Fine-Tune the Donut Model: A Practical Guide

1. Why Fine-Tune Donut in the First Place?

“All models are wrong, but some are useful.” — George Box probably wasn’t thinking about Donut when he said this, but the idea still holds.

I’ve used the naver-clova-ix/donut-base model across multiple real-world projects, and while it’s impressive out-of-the-box, it doesn’t generalize well to custom document layouts.

If your data looks anything like government-issued IDs from different countries, receipts with localized tax rules, or vendor-specific invoices, you’ve probably seen this too — the pre-trained model just starts hallucinating fields or misinterpreting layouts entirely.

In my case, I hit walls when dealing with:

  • Receipts in non-English formats (e.g., Japanese + English mix),
  • Invoices with unique fields like “Job ID” or multi-line service descriptions,
  • Scanned ID cards with poor contrast or skewed text blocks.

What really pushed me to fine-tune was the structured output. Donut is OCR-free, which is a blessing — but it means the model learns to generate your target fields.

If your document format deviates even slightly from the training data, you’ll start seeing inconsistent or incorrect field mappings. It’s not just a drop in accuracy — it’s a semantic mismatch.

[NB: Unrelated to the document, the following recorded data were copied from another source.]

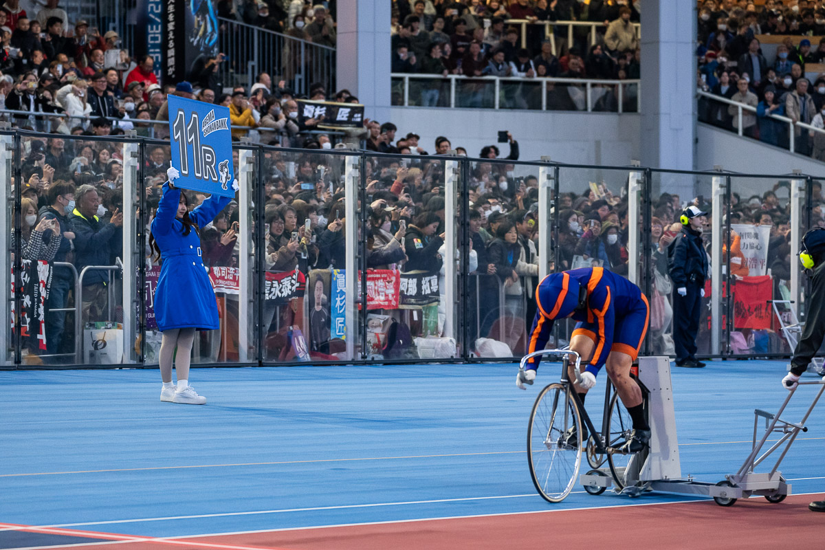 バンクエンジェルがレースボードを掲げ、先頭誘導員が準備を進める
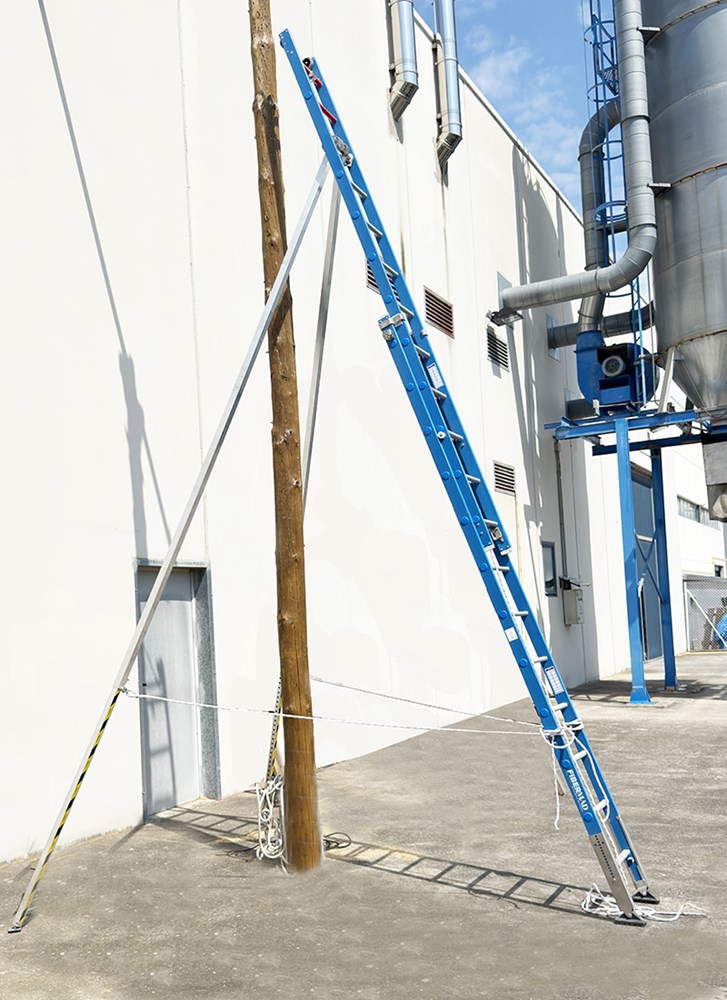 Workstation. Self-supporting ladder in insulating fiberglass with certified hook for the untifall device. For use on wooden posts only
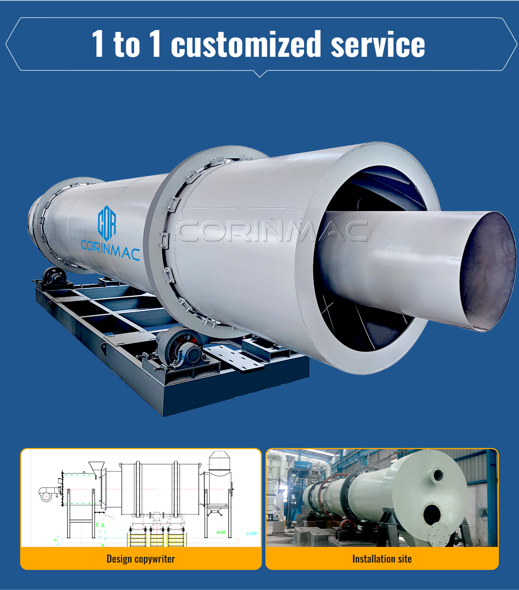 The single cylinder rotary dryer is designed for drying bulk materials in various industries: building materials, metallurgical, chemical, glass, etc. On the basis of heat engineering calculations, we select the most optimal dryer size and design for customer requirements.
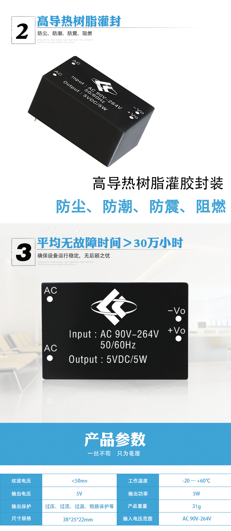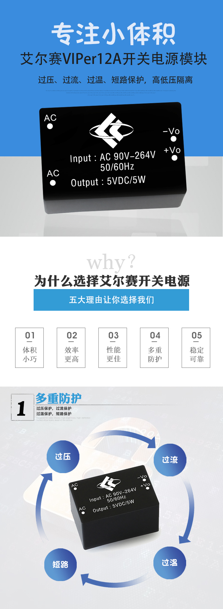 AC-DC隔离电源模块220v转5v、5w智能家居开关 降压电源模块
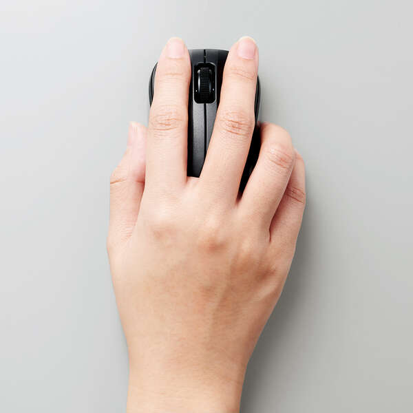 電池を入れてもわずか約59gの軽量設計。軽い力で操作できるため長時間の操作も快適で、持ち運びにも便利です。握る力に自信のない方や長時間マウスを操作される方におすすめです。

And let’s be real: post-processing Donut’s incorrect outputs is a mess. It’s far more efficient to spend time fine-tuning than trying to patch it up downstream.


2. Setup: Your Local + GPU or Cloud Environment

Let me save you some time — Donut isn’t lightweight. You’re going to need a decent GPU setup if you want to fine-tune it without running into memory bottlenecks.

Personally, I’ve run most of my training on a single A100 or 2x V100s. But I’ve also tested it on consumer-grade GPUs like the 3090 — it works, but you’ll need to dial down the batch size aggressively.

Here’s what worked best for me:

  • Python: 3.9
  • PyTorch: 2.0+ (1.13 also worked but I had weird CUDA issues occasionally)
  • Environment: I prefer conda, especially when juggling multiple vision + NLP dependencies.
  • Donut requires: transformers, datasets, accelerate, and of course, donut.
# Core setup for Donut fine-tuning
pip install git+https://github.com/huggingface/transformers.git
pip install git+https://github.com/clovaai/donut.git
pip install datasets torchvision accelerate

Heads-up from my experience:

  • If you’re using CUDA 11.8+, make sure your PyTorch + torchvision versions are compatible. I had annoying crashes from mismatched versions.
  • On some setups, donut tries to install its own version of transformers, which can conflict with recent Hugging Face features — pin versions deliberately.

One thing I always do: test inference on the base model before starting fine-tuning. It helps confirm that your setup is CUDA-compatible, and everything loads correctly before you burn time on dataset prep.


3. Understand Your Data Format: Donut Needs JSON + PNG

“If you feed Donut the wrong ingredients, don’t expect a perfect bake.”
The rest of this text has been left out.